| WORK ORDER |
Write out, please, each line from the one containing "Western blot analysis" to the final line of the data, both included, exactly and without pictures.

Records excerpted from a collection:
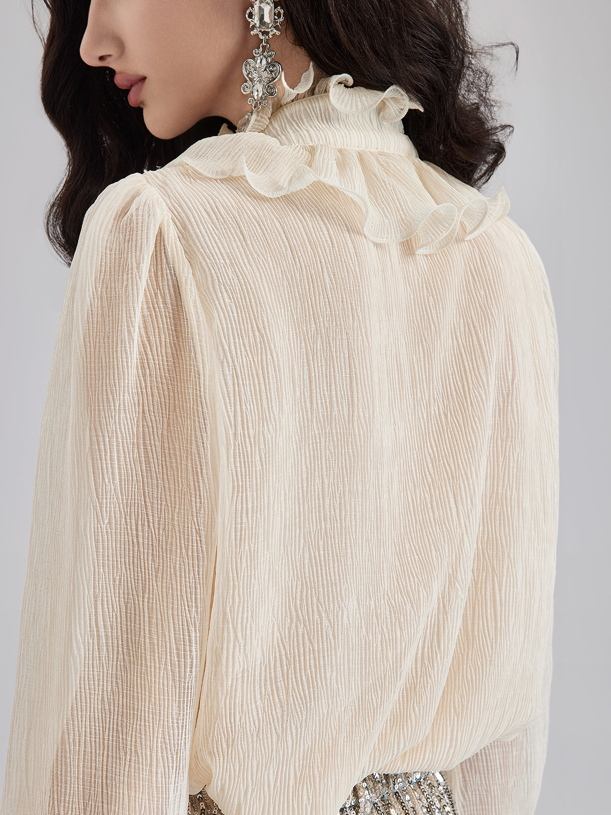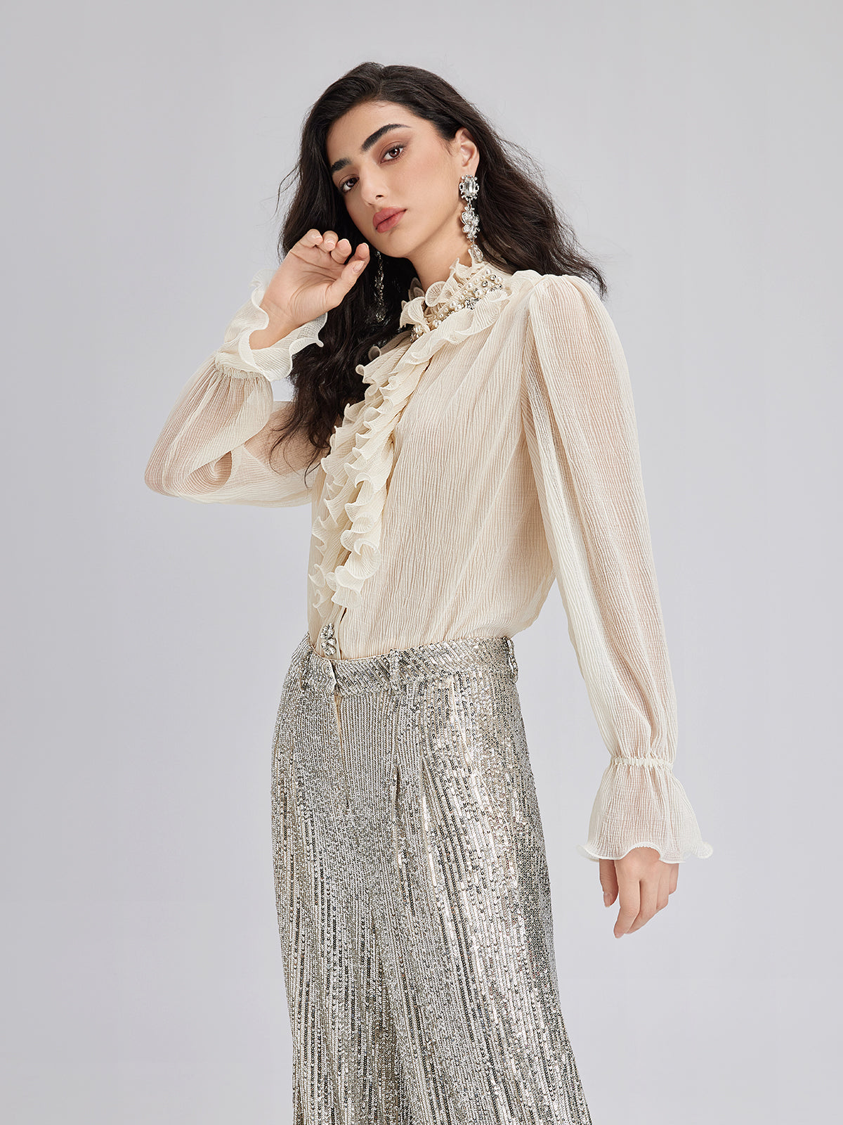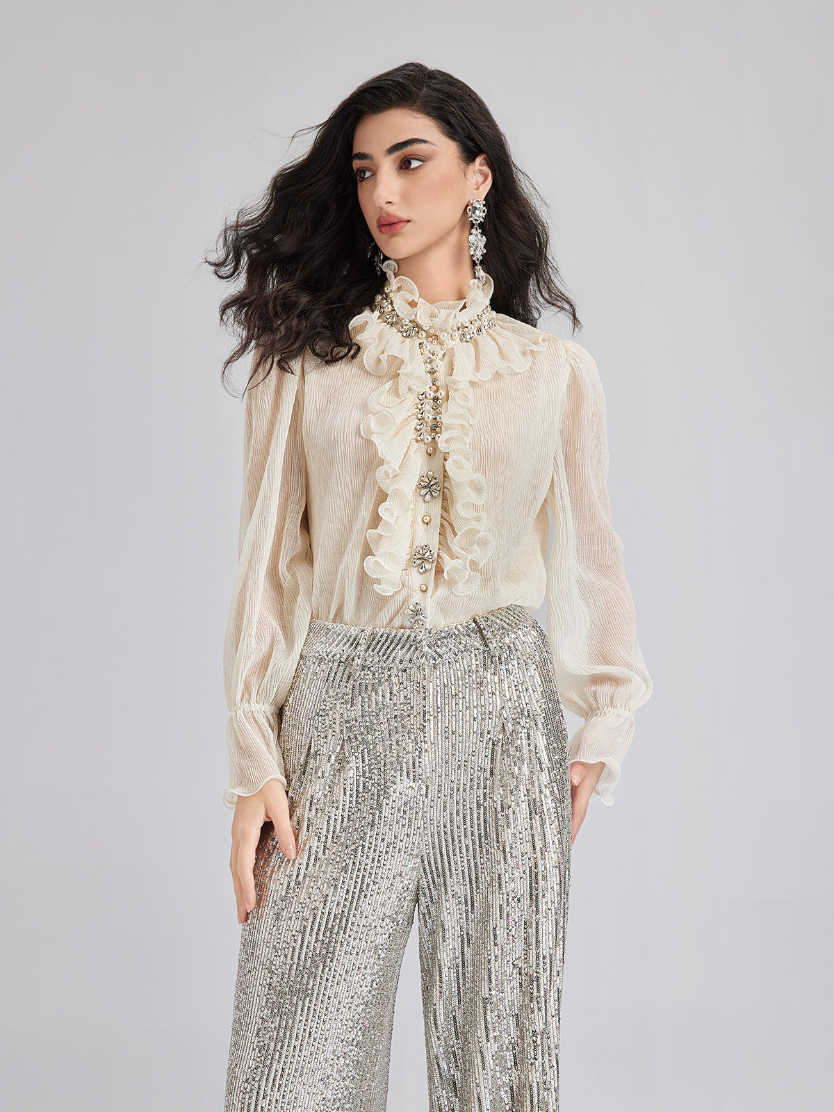 Ruffled Stand Collar Beaded Shirt - Chic Style
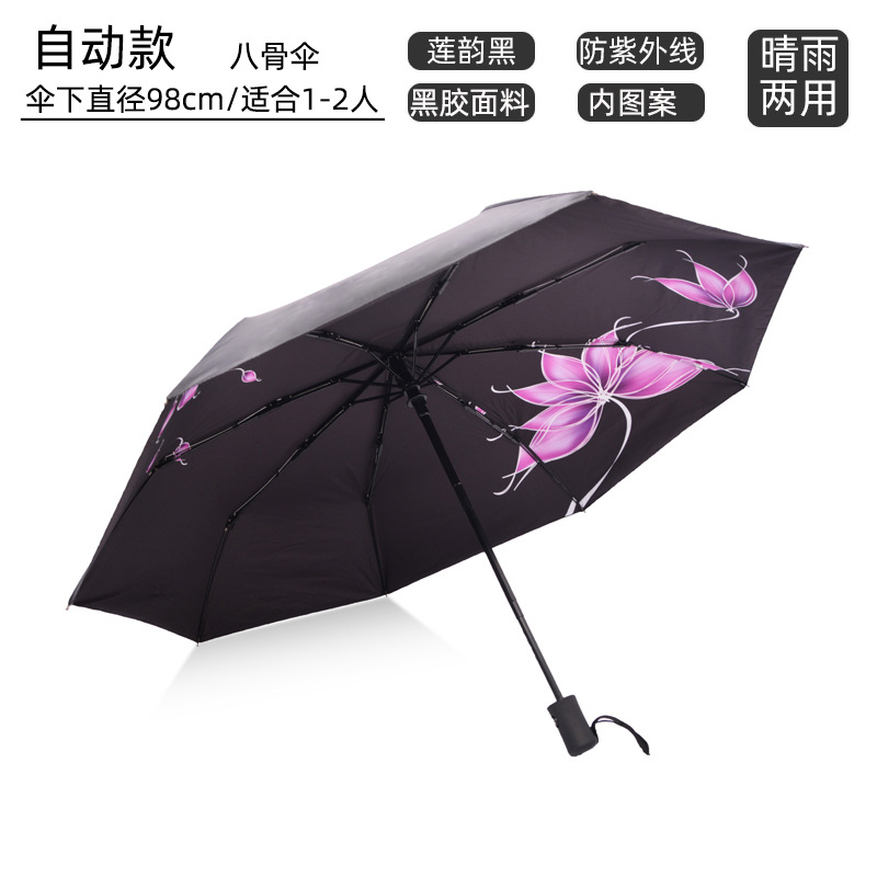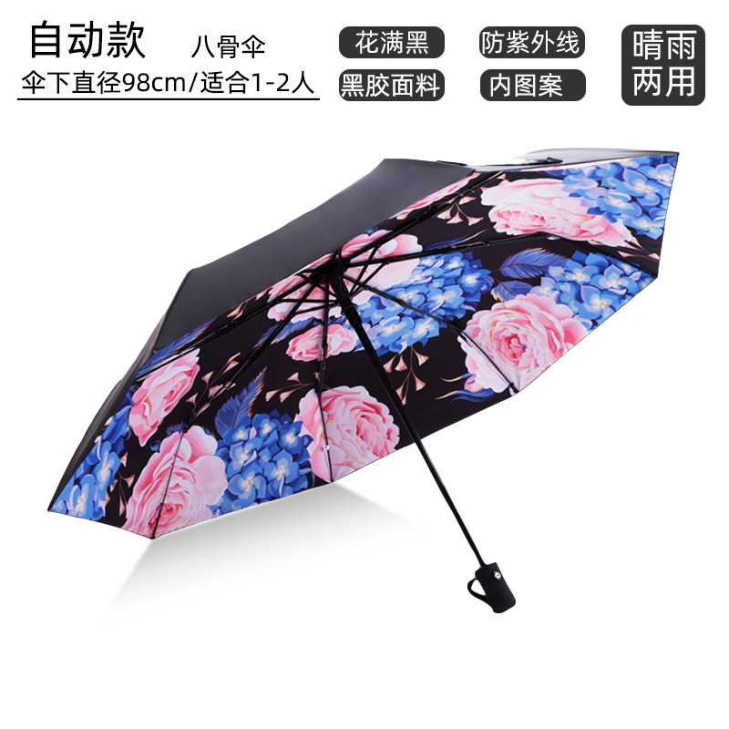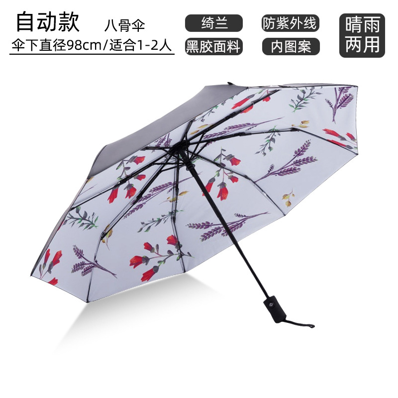 自动伞是自动打开,但是收伞时需要手动收回的,产品都是8根伞骨,折叠收起来,方便携带
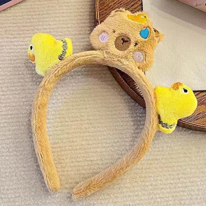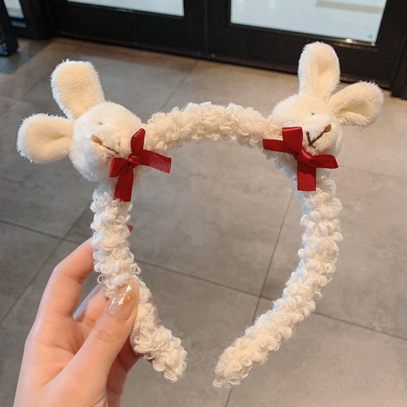 가을과 겨울 만화 귀여운 봉제 헤어 밴드 2024 새로운 곰 토끼 세척 얼굴 미끄럼 방지 머리핀 여성 헤어 밴드
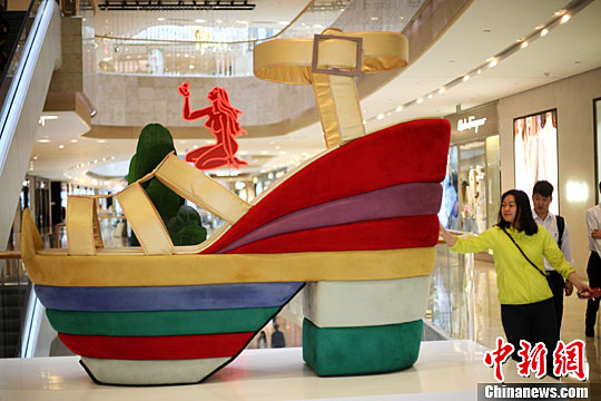 5月5日,一只按照原型比例放大的涼鞋亮相南京德基廣場,引來市民們好奇的目光。中新社記者 泱波 攝
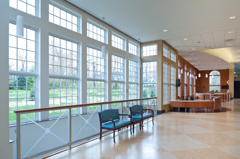 Faced with the potential emerging gulf between church members embracing traditional vs. contemporary worship, church leaders envisioned a new 250-seat Contemporary Worship Center that reinforces long-standing tradition by maintaining classic worship in the historic sanctuary, while specifically satisfying preferences for an “energizing service with modern style”. Complementing the church’s Federal Revival exterior, the 31,000 sf addition responds to the sophisticated acoustic, lighting, and video projection needs of contemporary worship — along with realizing another goal: a large fellowship gathering center. Therefore, each style of worship is accommodated in an appropriate setting, and opens off a common location where all can come together between worship services as a single congregation.
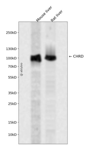 Western blot analysis of CHRD expressed in Mouse liver,Rat liver using CHRD Rabbit pAb at 1:1000. Secondary antibody: HRP Goat Anti-Rabbit IgG (H+L) at 1:5000. Lysates/proteins: 30ug per lane. Blocking buffer: 5% non-fat dry milk in TBST. Detection: ECL Enhanced Kit. Exposure time: 120s.
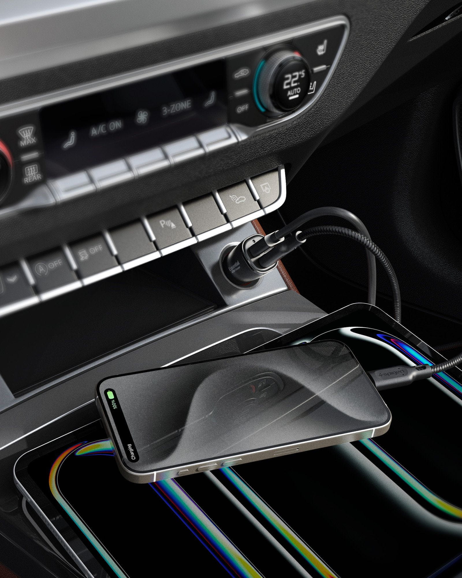 Avtomobilski polnilnik Spigen ArcStation Essential 48W kompaktne zasnove, izjemno hitro polnjenje zahvaljujoč tehnologiji Quantum Boost, 15-točkovni varnostni standard. Celoten opis

| RESPONSE |
 Western blot analysis of CHRD expressed in Mouse liver,Rat liver using CHRD Rabbit pAb at 1:1000. Secondary antibody: HRP Goat Anti-Rabbit IgG (H+L) at 1:5000. Lysates/proteins: 30ug per lane. Blocking buffer: 5% non-fat dry milk in TBST. Detection: ECL Enhanced Kit. Exposure time: 120s.
 Avtomobilski polnilnik Spigen ArcStation Essential 48W kompaktne zasnove, izjemno hitro polnjenje zahvaljujoč tehnologiji Quantum Boost, 15-točkovni varnostni standard. Celoten opis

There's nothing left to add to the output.